Смотритель поднял осунувшееся лицо и гневным взором обвел собрание.
— А? — прорычал он. — Каково?.. И далее: «Даже если человек сидит один, но в наушниках, — он все равно часть народа, ибо те еле заметные судороги, которыми он отзывается на услышанное, повторятся в каждом его соотечественнике, надень на него ту же аппаратуру. Видите? Все качают ногой в такт, а один не качает. Вот он-то и есть отщепенец…» Политику вторит генерал. «Слияние в едином ритме, — утверждает он, — можно сравнить лишь со строевым шагом, с колонной на параде, где каждый — сын Отечества и ради Родины способен на все. Наши прадеды шли в атаку под флейту и громкий барабан. Стоит произнести слово “оркестр”, как в памяти возникают еще два слова: “военный” и “симфонический”, — причем сложно сказать, который из них более важен в деле патриотического воспитания…»
Выступающий приостановился, мазнул пальцем по экранчику, ища следующий тезис.

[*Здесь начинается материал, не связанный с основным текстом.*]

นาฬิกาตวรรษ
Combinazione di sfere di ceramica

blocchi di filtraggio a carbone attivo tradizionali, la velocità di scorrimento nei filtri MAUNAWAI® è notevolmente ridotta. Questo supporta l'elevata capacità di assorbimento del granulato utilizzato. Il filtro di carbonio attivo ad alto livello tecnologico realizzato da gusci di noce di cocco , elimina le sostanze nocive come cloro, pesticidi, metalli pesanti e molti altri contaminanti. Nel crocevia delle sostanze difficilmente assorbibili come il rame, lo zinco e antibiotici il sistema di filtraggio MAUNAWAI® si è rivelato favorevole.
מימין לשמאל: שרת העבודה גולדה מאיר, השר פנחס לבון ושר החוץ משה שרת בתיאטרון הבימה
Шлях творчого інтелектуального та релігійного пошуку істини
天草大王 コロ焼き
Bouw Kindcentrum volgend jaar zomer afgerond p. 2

— Продажность медицины общеизвестна, — бросил он, — однако на сей раз врачи превзошли самих себя. Мало того, что они считают акустический ушиб мозга нашим злобным измышлением, они еще и пытаются доказать научно (слово «научно» было произнесено особенно ядовито), будто клетки человеческого организма, вступая в резонанс с динамиком, в меньшей степени подвержены старению… А психологи! Это какого же нужно было достичь бесстыдства, чтобы заявить, будто музыка якобы растормаживает гипоталамус, что, в свою очередь, повышает интеллект? Мечта лентяев! Сами посудите: развивая культуру мышления традиционными способами, запросто можно скончаться от заворота извилин, а тут обопрись на грохочущие аудиоколонки (смотритель развел локти, как крылышки), свесь в упоении голову (свесил) — и без особых хлопот знай себе наращивай ай-кью…
В зале послышались смешки — частью злобные, частью одобрительные. Кое-кто даже хлопнул в ладоши. От внимания Треплева не ускользнуло, что над челом оратора давно уже вьется полупрозрачная карамора, на которую тот, впрочем, не обращает внимания. Видимо, убежден, что речь его не содержит ни малейшей крамолы.

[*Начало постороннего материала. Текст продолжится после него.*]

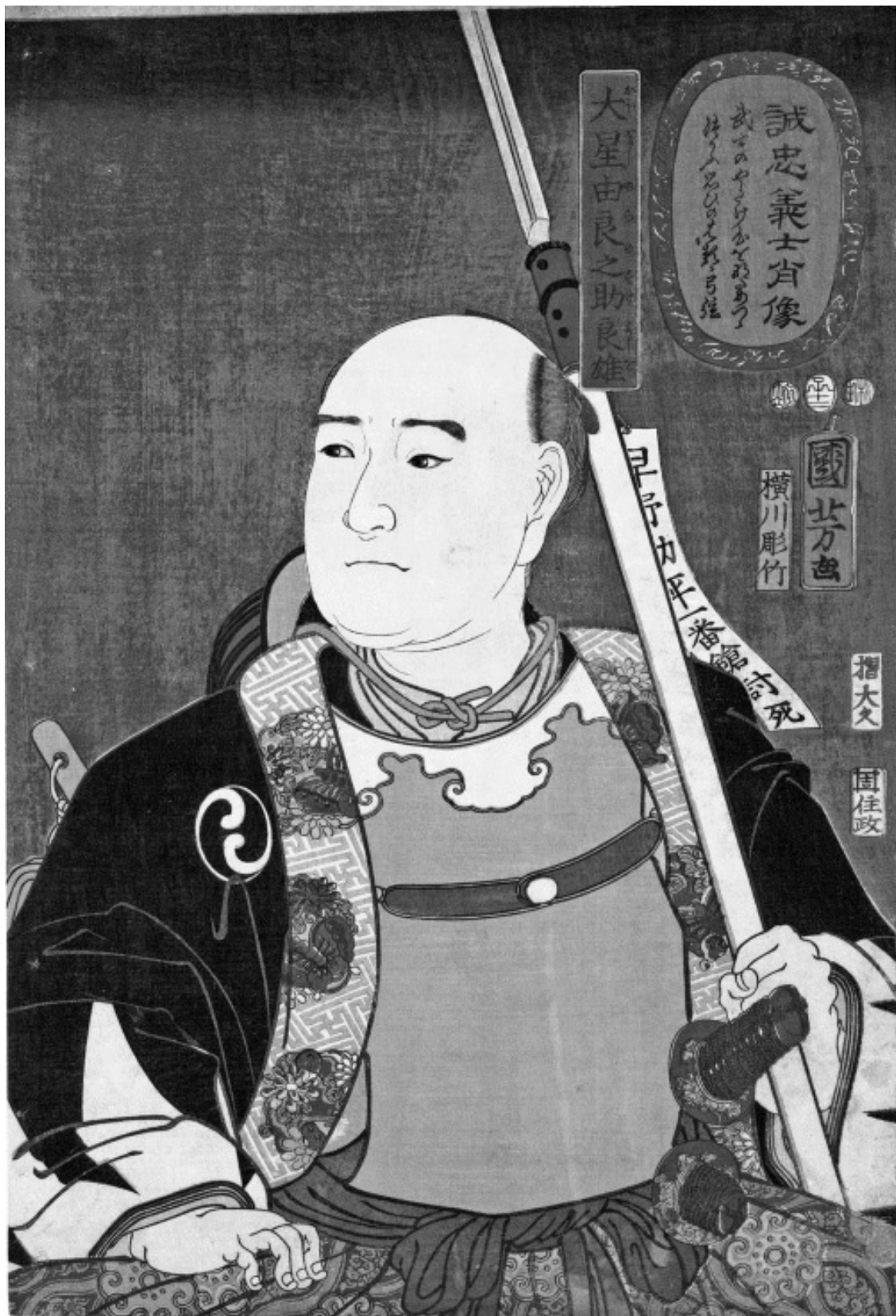
Утагава Куниёси. Портрет добродетельного самурая. 1852.

С другой стороны, тот, кто не отважен, лишь внешне предан господину и почтителен к родителям, не имея никаких искренних побуждений таким оставаться. Безразличный к указа-

— Почему? — видя поддержку зала, возопил вдохновленный златоуст. — Почему в нашей школьной программе на изучение творчества Державина отведено больше часов, чем на изучение творчества Пушкина? Да по той же самой причине! У Александра Сергеевича «Покоя сердце просит», а у Гаврилы нашего Романовича «Гром победы раздавайся»!.. Но что сильнее всего удручает, — малость передохнув, грянул он с новой силой, — так это позиция некоторых отдельно взятых представителей православной церкви, к месту и не к месту ссылающихся на известный стих из Евангелия от Луки: «Восшумит и возмутится». Но ведь в том же Евангелии сказано внятно и четко: «И сделалась тишина»!..
Тут на самом патетическом месте у оратора перемкнуло связки — умолк, взялся за горло. «Вот ведь… — иронически отметил про себя Антон. — Голос громкий, а глотка слабая…»
— Кто… еще желает… высказаться?.. — просипел смотритель, отступая в сторонку.
К нему побежали со стаканом воды, а на кафедру немедленно взгромоздилась весьма упитанная дама и со слезой умиления принялась благодарить за проникновенную содержательную речь. Благодарила долго. С дрожью в голосе говорила о том, что Антон Антонович совершенно не щадит своего драгоценного здоровья. Наконец со словами «низкое вам спасибо» слезла с помостика.
Громовица, воспользовавшись моментом, взяла свой стул и перебралась в уголок к Антону.
— Привет, — шепнула она и робко пожала ему запястье.
Тем временем за кафедрой обозначился сухощавый старичок с гвардейской выправкой (тот самый, которого Треплев наблюдал из окна мэрии) и начал с того, что закатил чудовищную паузу. В зале кто-то не выдержал — хихикнул. На хихикнувшего шикнули.
— То есть что?.. — проникновенно молвил наконец старичок и снова надолго умолк. Тоже несомненно оратор, но совершенно иного толку: не громыхал — брал задушевностью. — То есть против нас выступают единым фронтом. А мы?.. — обласкал сходку взглядом, укоризненно покачал аккуратно подстриженными сединами. — На прошлой неделе трешки опять подрались с колами…
— Трешки — это кто? — тихонько спросил Антон.
— Ну, те, которые ухаживают за третьей могилой, — прошелестела в ответ Громовица.
— А колы?
— Колы — за первой…
На шепчущих укоризненно обернулись. Пришлось замолчать.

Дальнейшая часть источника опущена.